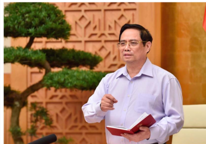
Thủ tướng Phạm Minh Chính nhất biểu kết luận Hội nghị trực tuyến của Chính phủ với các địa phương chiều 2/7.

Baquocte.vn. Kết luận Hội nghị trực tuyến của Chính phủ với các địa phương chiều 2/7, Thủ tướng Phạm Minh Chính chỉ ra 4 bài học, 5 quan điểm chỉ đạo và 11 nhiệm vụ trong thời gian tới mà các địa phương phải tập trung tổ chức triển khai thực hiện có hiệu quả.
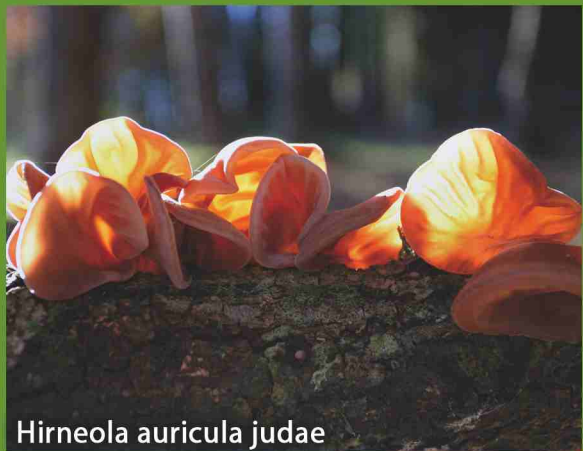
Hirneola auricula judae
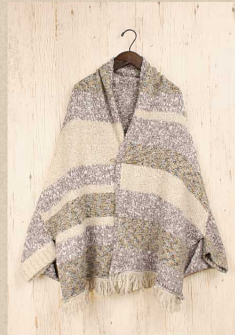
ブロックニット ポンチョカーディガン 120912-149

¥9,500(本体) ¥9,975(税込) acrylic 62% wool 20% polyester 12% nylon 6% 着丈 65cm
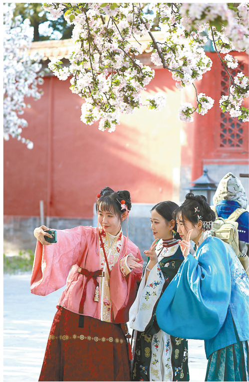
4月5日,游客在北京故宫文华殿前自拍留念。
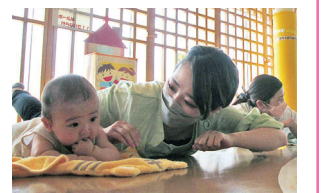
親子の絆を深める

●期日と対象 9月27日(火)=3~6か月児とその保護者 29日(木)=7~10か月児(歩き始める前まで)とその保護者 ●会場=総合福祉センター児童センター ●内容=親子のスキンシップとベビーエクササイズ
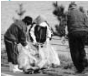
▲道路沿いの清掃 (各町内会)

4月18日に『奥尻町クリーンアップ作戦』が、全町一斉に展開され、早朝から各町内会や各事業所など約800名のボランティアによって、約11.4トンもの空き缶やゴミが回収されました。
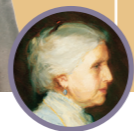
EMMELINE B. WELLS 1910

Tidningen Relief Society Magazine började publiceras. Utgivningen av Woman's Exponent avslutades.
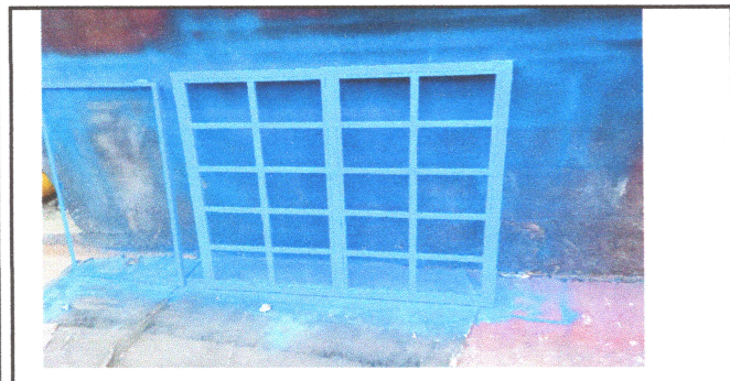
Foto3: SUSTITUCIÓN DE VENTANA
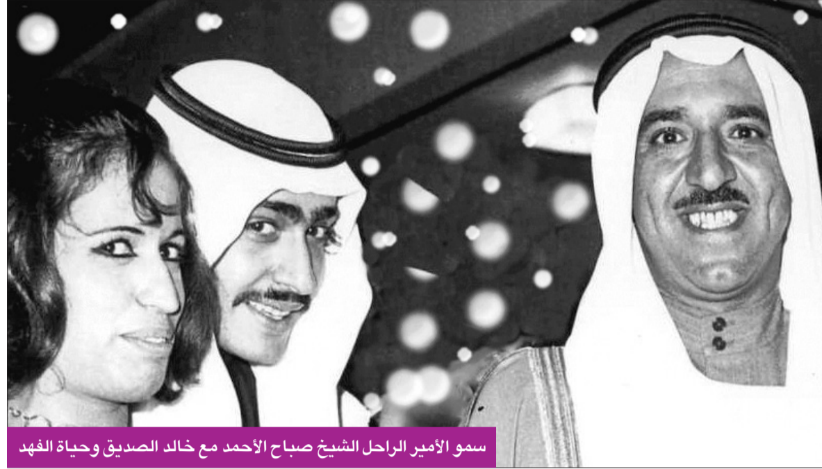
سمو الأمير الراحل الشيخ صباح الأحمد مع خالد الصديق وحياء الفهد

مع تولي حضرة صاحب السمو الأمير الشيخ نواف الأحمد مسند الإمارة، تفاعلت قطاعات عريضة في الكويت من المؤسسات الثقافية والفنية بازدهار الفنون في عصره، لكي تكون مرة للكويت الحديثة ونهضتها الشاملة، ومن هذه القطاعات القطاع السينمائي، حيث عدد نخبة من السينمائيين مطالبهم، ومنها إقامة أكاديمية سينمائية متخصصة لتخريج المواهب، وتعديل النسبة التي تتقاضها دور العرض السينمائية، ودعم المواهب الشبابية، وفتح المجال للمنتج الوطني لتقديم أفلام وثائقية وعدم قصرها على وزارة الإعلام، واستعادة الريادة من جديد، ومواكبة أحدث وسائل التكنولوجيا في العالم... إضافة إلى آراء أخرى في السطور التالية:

################

Using the records above, return word for word the lines that begin at the one containing "Hirneola auricula judae" and end at the one containing "سمو الأمير الراحل", both of them included and no pictures.

● Exercise answer:
Hirneola auricula judae
ブロックニット ポンチョカーディガン 120912-149

¥9,500(本体) ¥9,975(税込) acrylic 62% wool 20% polyester 12% nylon 6% 着丈 65cm
4月5日,游客在北京故宫文华殿前自拍留念。
親子の絆を深める

●期日と対象 9月27日(火)=3~6か月児とその保護者 29日(木)=7~10か月児(歩き始める前まで)とその保護者 ●会場=総合福祉センター児童センター ●内容=親子のスキンシップとベビーエクササイズ
▲道路沿いの清掃 (各町内会)

4月18日に『奥尻町クリーンアップ作戦』が、全町一斉に展開され、早朝から各町内会や各事業所など約800名のボランティアによって、約11.4トンもの空き缶やゴミが回収されました。
EMMELINE B. WELLS 1910

Tidningen Relief Society Magazine började publiceras. Utgivningen av Woman's Exponent avslutades.
Foto3: SUSTITUCIÓN DE VENTANA
سمو الأمير الراحل الشيخ صباح الأحمد مع خالد الصديق وحياء الفهد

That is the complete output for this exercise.